Identifying missing values:
#Check for missing values in the data frame
print (df. isnull (). sum ())
Dropping and filling in missing values:
#Dropping rows with missing values
df. dropna ()
# Fill missing values with a specific value
df. fillna (0)
#Filling missed value with a function
df. fillna (df. mean ())
2. Selecting and Filtering of data: Selecting and filtering can be done based on labels, integer positions, or boolean conditions.
#Selecting single-column
df[‘Name’]
#Select multiple columns
df [‘Name’,’ Age’,’ Salary’]
#Filtering rows based on condition
[df[‘salary’] =1000]
#Filtering rows based on multiple conditions
df[(df[‘salary’] ==1000) &(df[‘Age’] == 23)]
#Selecting rows and columns using loc and iloc:
o loc: This is level-based indexing. Data can be selected by row and column labels.
#Selecting rows and columns using label-based indexing
data = df.loc [df [‘Place’ ==’ NY’], [‘Name’,’ Salary’]]
print(data)
o iloc: This is position-based indexing.

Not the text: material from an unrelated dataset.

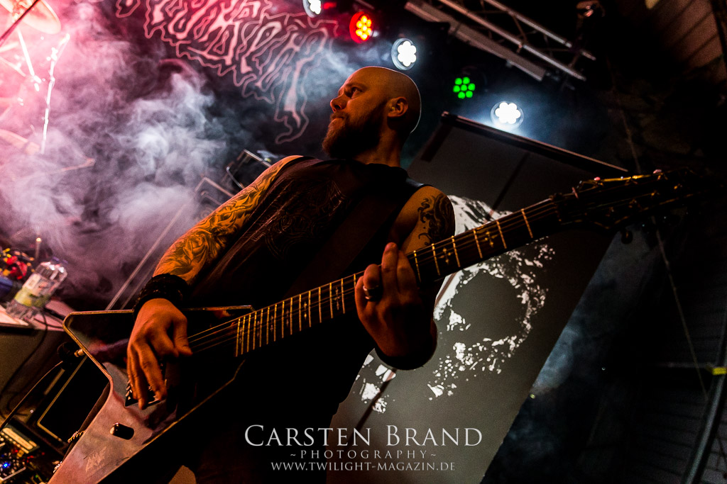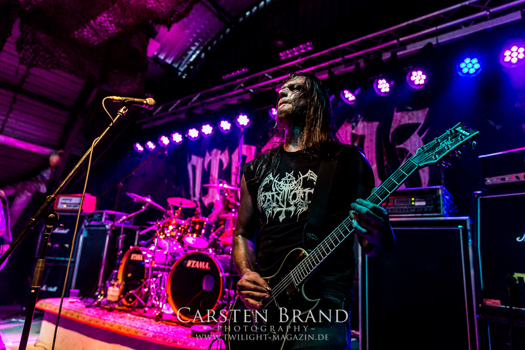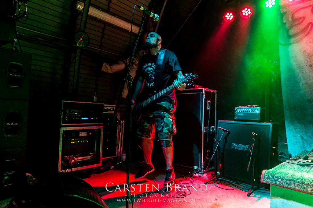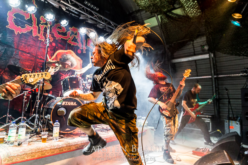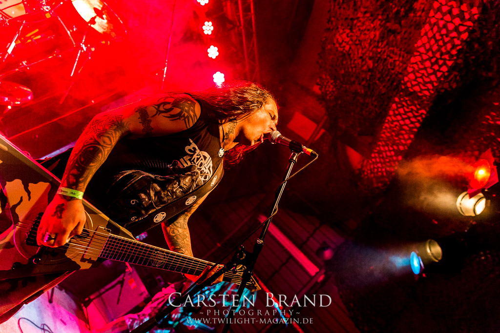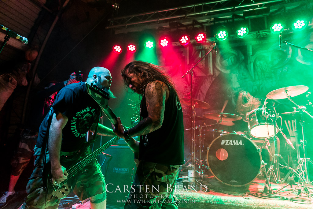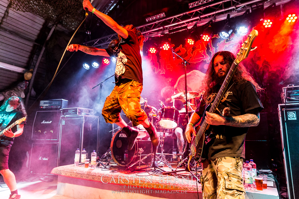 Dieser Slot war verflucht. Zunächst sagen Misery Index alle Europa-Gigs ab und dann wird es auch nichts mit dem Auftritt der ehemaligen Massacre-Mucker Kam Lee und Rick Rozz. Grund hier scheint Ego-Gewichse zu sein. Die Veranstalter sind gut vernetzt und so zaubern sie sehr kurzfristig mit SCHIRENC PLAYS PUNGENT STENCH einen würdigen Ersatz aus dem Hut. Die haben ja selber leidvolle Erfahrungen mit dem Weiterführen einer Band unter dem ursprünglichen Namen... Der Gestank im Hangar war für die meisten am ersten Abend noch nicht beißend genug, aber Schirenc Plays Pungent Stench sorgen dafür, dass sich der Schweißgeruch noch einmal potenziert. Wie schon 2014 liefern die Österreicher einen wirklich guten Gig ab bei dem die Stimmung vortrefflich auf das Publikum überspringt.(TT)

Data can be selected by row and column numbers.
#Select rows and columns using position-based indexing
data = df. iloc [[0,2,4], [0,1,2]]
print(data)
3. Data Transformation: In Pandas, data transformation techniques such as applying functions, mathematical operations, and string operations are essential for data to meet specific analyses. These methods enable you to create new columns, modify existing columns, and perform complex calculations.
o Applying functions:
# Apply a function to each element of a column
df [Salary Division] = df['Salary']. apply (lambda x: 'High Salary' if x >= 90 else ‘Low Salary')
o Mathematical functions:
#Perform mathematical operations on columns
df[‘Salary’] + 500
o String Operations:
#Perform string operations on columns
df[‘Name’].str.upper()
o Renaming Columns:
#Renaming the column “Name” to “Employe_name”
df. rename (columns = {“Name”:” Employe_name”}, inplace=True)
o Sorting:
#Sort a DataFrame by column
df. sort_values(by=[‘Salary’], ascending =[False])
4. Grouping and Aggregation: Aggregation is a process of combining multiple values into a single summary value through operations. The common aggregations are SUM, AVG, MIN, MAX and COUNT. Grouping is a process of categorizing data based on given conditions so that a group of data can be analyzed. After grouping, the aggregation functions can be applied to each group.
#Group the data by Age and calculate the mean salary
data_grouped = df. groupby (‘Age’) [‘Salary’]. mean ()
print(data_grouped)
Conclusion: Many useful tools are being provided by Python to clean, manipulate, and join the data. It helps to fix the missing data, transform, calculate new columns, and transform.
This blog provides a basic overview of Python capabilities which can be extended to complex transformations. Enjoy learning more about Pandas!!